* What is required:
Nothing in the records may be left out; restate them word for word.

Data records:
- - - - - - -

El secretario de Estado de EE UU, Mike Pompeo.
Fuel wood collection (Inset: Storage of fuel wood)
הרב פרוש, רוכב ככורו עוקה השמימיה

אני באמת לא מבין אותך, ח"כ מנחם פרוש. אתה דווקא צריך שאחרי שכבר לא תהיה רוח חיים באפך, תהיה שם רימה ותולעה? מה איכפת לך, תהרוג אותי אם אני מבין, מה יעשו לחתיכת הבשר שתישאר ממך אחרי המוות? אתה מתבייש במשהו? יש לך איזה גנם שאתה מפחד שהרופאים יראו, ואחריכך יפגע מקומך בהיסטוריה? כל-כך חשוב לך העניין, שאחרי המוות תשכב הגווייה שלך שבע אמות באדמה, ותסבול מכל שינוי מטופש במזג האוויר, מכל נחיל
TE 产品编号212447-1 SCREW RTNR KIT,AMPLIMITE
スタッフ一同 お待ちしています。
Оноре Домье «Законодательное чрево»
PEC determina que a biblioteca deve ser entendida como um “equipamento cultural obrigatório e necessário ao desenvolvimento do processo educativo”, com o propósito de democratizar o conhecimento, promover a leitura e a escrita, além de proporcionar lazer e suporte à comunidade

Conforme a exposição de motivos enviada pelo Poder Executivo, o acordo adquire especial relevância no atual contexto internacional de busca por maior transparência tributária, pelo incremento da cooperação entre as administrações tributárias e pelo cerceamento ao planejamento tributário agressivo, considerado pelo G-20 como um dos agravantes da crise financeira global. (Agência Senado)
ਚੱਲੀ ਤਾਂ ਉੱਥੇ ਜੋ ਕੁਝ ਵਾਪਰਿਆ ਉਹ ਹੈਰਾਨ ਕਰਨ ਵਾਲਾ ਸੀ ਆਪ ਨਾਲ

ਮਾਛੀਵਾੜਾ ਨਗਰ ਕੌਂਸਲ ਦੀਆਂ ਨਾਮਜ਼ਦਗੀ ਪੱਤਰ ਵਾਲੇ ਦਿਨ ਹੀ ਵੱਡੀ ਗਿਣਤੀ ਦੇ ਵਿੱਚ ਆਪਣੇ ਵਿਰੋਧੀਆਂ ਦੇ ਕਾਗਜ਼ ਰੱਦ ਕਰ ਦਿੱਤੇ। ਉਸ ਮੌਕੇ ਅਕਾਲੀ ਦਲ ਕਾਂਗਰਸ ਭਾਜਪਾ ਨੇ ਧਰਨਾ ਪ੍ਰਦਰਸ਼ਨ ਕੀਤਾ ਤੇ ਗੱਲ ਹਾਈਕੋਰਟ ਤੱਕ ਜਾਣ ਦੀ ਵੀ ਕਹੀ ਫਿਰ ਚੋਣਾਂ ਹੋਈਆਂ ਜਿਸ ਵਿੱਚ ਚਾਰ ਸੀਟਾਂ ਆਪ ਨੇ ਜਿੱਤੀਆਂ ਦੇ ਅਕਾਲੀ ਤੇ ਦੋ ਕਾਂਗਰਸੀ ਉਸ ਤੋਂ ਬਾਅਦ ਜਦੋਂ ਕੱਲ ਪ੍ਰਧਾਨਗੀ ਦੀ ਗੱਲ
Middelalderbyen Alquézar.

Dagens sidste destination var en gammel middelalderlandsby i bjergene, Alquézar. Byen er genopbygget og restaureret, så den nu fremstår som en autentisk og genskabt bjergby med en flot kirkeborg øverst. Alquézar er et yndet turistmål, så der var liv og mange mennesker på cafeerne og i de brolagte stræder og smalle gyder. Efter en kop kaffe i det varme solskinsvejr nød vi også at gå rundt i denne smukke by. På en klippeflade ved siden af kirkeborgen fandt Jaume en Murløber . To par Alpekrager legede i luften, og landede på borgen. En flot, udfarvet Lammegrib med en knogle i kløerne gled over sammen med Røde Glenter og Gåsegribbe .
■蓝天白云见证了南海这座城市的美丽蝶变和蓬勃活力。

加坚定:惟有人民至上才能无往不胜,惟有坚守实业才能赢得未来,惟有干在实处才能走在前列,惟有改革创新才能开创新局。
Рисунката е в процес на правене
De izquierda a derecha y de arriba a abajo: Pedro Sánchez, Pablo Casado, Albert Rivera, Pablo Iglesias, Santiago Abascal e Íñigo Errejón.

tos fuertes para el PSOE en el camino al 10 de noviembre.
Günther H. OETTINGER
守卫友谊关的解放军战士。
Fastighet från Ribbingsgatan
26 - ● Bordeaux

- - - - - - -

* Answer box:
El secretario de Estado de EE UU, Mike Pompeo.
Fuel wood collection (Inset: Storage of fuel wood)
הרב פרוש, רוכב ככורו עוקה השמימיה

אני באמת לא מבין אותך, ח"כ מנחם פרוש. אתה דווקא צריך שאחרי שכבר לא תהיה רוח חיים באפך, תהיה שם רימה ותולעה? מה איכפת לך, תהרוג אותי אם אני מבין, מה יעשו לחתיכת הבשר שתישאר ממך אחרי המוות? אתה מתבייש במשהו? יש לך איזה גנם שאתה מפחד שהרופאים יראו, ואחריכך יפגע מקומך בהיסטוריה? כל-כך חשוב לך העניין, שאחרי המוות תשכב הגווייה שלך שבע אמות באדמה, ותסבול מכל שינוי מטופש במזג האוויר, מכל נחיל
TE 产品编号212447-1 SCREW RTNR KIT,AMPLIMITE
スタッフ一同 お待ちしています。
Оноре Домье «Законодательное чрево»
PEC determina que a biblioteca deve ser entendida como um “equipamento cultural obrigatório e necessário ao desenvolvimento do processo educativo”, com o propósito de democratizar o conhecimento, promover a leitura e a escrita, além de proporcionar lazer e suporte à comunidade

Conforme a exposição de motivos enviada pelo Poder Executivo, o acordo adquire especial relevância no atual contexto internacional de busca por maior transparência tributária, pelo incremento da cooperação entre as administrações tributárias e pelo cerceamento ao planejamento tributário agressivo, considerado pelo G-20 como um dos agravantes da crise financeira global. (Agência Senado)
ਚੱਲੀ ਤਾਂ ਉੱਥੇ ਜੋ ਕੁਝ ਵਾਪਰਿਆ ਉਹ ਹੈਰਾਨ ਕਰਨ ਵਾਲਾ ਸੀ ਆਪ ਨਾਲ

ਮਾਛੀਵਾੜਾ ਨਗਰ ਕੌਂਸਲ ਦੀਆਂ ਨਾਮਜ਼ਦਗੀ ਪੱਤਰ ਵਾਲੇ ਦਿਨ ਹੀ ਵੱਡੀ ਗਿਣਤੀ ਦੇ ਵਿੱਚ ਆਪਣੇ ਵਿਰੋਧੀਆਂ ਦੇ ਕਾਗਜ਼ ਰੱਦ ਕਰ ਦਿੱਤੇ। ਉਸ ਮੌਕੇ ਅਕਾਲੀ ਦਲ ਕਾਂਗਰਸ ਭਾਜਪਾ ਨੇ ਧਰਨਾ ਪ੍ਰਦਰਸ਼ਨ ਕੀਤਾ ਤੇ ਗੱਲ ਹਾਈਕੋਰਟ ਤੱਕ ਜਾਣ ਦੀ ਵੀ ਕਹੀ ਫਿਰ ਚੋਣਾਂ ਹੋਈਆਂ ਜਿਸ ਵਿੱਚ ਚਾਰ ਸੀਟਾਂ ਆਪ ਨੇ ਜਿੱਤੀਆਂ ਦੇ ਅਕਾਲੀ ਤੇ ਦੋ ਕਾਂਗਰਸੀ ਉਸ ਤੋਂ ਬਾਅਦ ਜਦੋਂ ਕੱਲ ਪ੍ਰਧਾਨਗੀ ਦੀ ਗੱਲ
Middelalderbyen Alquézar.

Dagens sidste destination var en gammel middelalderlandsby i bjergene, Alquézar. Byen er genopbygget og restaureret, så den nu fremstår som en autentisk og genskabt bjergby med en flot kirkeborg øverst. Alquézar er et yndet turistmål, så der var liv og mange mennesker på cafeerne og i de brolagte stræder og smalle gyder. Efter en kop kaffe i det varme solskinsvejr nød vi også at gå rundt i denne smukke by. På en klippeflade ved siden af kirkeborgen fandt Jaume en Murløber . To par Alpekrager legede i luften, og landede på borgen. En flot, udfarvet Lammegrib med en knogle i kløerne gled over sammen med Røde Glenter og Gåsegribbe .
■蓝天白云见证了南海这座城市的美丽蝶变和蓬勃活力。

加坚定:惟有人民至上才能无往不胜,惟有坚守实业才能赢得未来,惟有干在实处才能走在前列,惟有改革创新才能开创新局。
Рисунката е в процес на правене
De izquierda a derecha y de arriba a abajo: Pedro Sánchez, Pablo Casado, Albert Rivera, Pablo Iglesias, Santiago Abascal e Íñigo Errejón.

tos fuertes para el PSOE en el camino al 10 de noviembre.
Günther H. OETTINGER
守卫友谊关的解放军战士。
Fastighet från Ribbingsgatan
26 - ● Bordeaux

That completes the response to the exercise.